Your intuition is based on finite sets. Infinite sets are different. However mathematics is not built on naive intuition, when it does it often run into paradoxes and problems (e.g. Russell's paradox and naive set theory).
Therefore we need to find good properties which generalize what we want to hold. So we have to think "when do two sets have the same size?" well, for finite sets we know that if two sets have the same number of elements then they have the same size. But we also know the following:


*

*If $A\subseteq B$ then $A$ cannot exceed the size of $B$.

*Equinumerosity is an equivalence relation.

*If there is a bijection between $A$ and $B$ then they must have the same cardinality. It is impossible that $\{0,1\}$ and $\{5,6\}$ would have different sizes.


It turns out that to say that $A$ and $B$ have the same cardinality (or same number of element, although the word number is definitely confusing at first) if and only if there exists a bijection between $A$ and $B$. Furthermore, we can order the cardinals by injections, namely $|A|\leq|B|$ if and only if there is an injection from $A$ into $B$.
So it turns out that for infinite sets you get a few "naively paradoxical" results. Like having a set which is in bijection with a proper subset. However infinite sets often have "room for change" and allow us to move things around like that.
One could model the size of sets differently, but the properties which are written above will not necessarily be preserved. For example if we require that a proper subset always have a smaller cardinality, then this is no longer invariant under bijections.

Some reading material related to this:


*

*Comparing the sizes of countable infinite sets

*Cardinality != Density?

*Is there a way to define the "size" of an infinite set that takes into account "intuitive" differences between sets?

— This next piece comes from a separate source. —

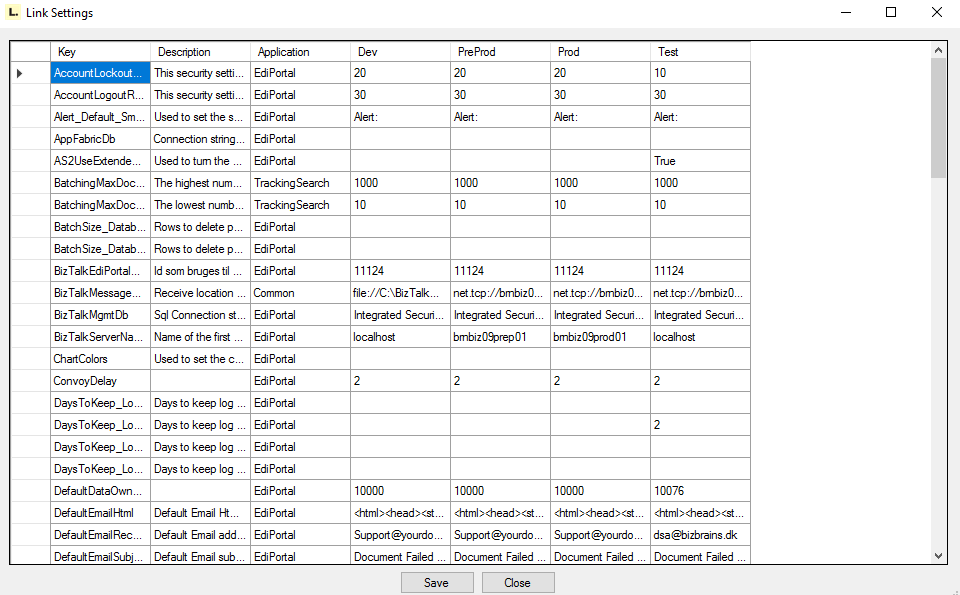 Link Settings contain numerous configuration values that the Link uses. For each key there is value for each possible staging environment of BizTalk and the Link.

*Why do the rationals, integers and naturals all have the same cardinality?
The third one is particularly relevant.
A: The basic idea is very simple: Two sets are said to have the same number of elements if they can be put in a one-to-one correspondence with each other.
So here is a one-to-one correspondence between the positive odd numbers and the positive even numbers: (1,2), (3,4), (5,6), … So any odd number $2i-1$ is matched to a corresponding even number $2i$.
To match all positive numbers with all positive even numbers, match instead $i$ with $2i$, resulting in (1,2), (2,4), (3,6), (4,8), …
See also: Hilbert's paradox of the Grand Hotel for a more entertaining way to see this.
A: I too once thought like you, but in CS counting is your friend.
When counting sets, we can determine if two sets have the same size or cardinality. For example countable infinite sets can always be put into correspondence with the natural numbers $\mathbb{N}$. These countably infinite sets are recursively enumerable languages, they can be iterated indefinitely. 
So lets call the set of even numbers $\mathbb{E}$ and the set of odd numbers $\mathbb{O}$
Now, starting from the beginning, in increasing order, pair the smallest even number with the smallest natural number, next, pair the next smallest number with the next smallest natural number, so on and so forth. It looks something like this:
$\mathbb{N} = \{0, 1, 2, 3, 4, ...\}$
$\mathbb{E} = \{2, 4, 6, 8, 10, ...\}$
We see for every number in $\mathbb{N}$ there is a number in $\mathbb{E}$, that is, every number in $\mathbb{E}$ can be mapped to a unique number in $\mathbb{N}$ and vice versa.
This kind of mapping is known as a computable map or a bijection Such functions are one-to-one and onto, every element from each set is paired with a unique element of the other set.
The same argument can be applied to show than $|\mathbb{O}| = |\mathbb{N}|$.
Now, you may ask why is this important to CS, well, every language (set) that can be mapped to $\mathbb{N}$ can be recognized by a computer machine, and languages that do not map to $\mathbb{N}$ cannot even be recognized by a computer, therefore, we study this.
A: Because sets of numbers can be infinitely divisible. See this Reddit comment.
I think his intuition comes from the fact that the world is discrete in practice. You have 2x more atoms in [0, 2cm] than in [0, 1cm]. If you are not looking at something made of atoms, let's say you have 2x more Planck lengths in [0, 2cm] than in [0, 1cm]. See what I mean?
OP's intuition can be correct for physical things in our world, but mathematics go beyond that, with rational numbers being infinitely divisible. As soon as there is a limit to how much you can divide things, even if it's one million digits after the decimal point, OP's intuition is valid.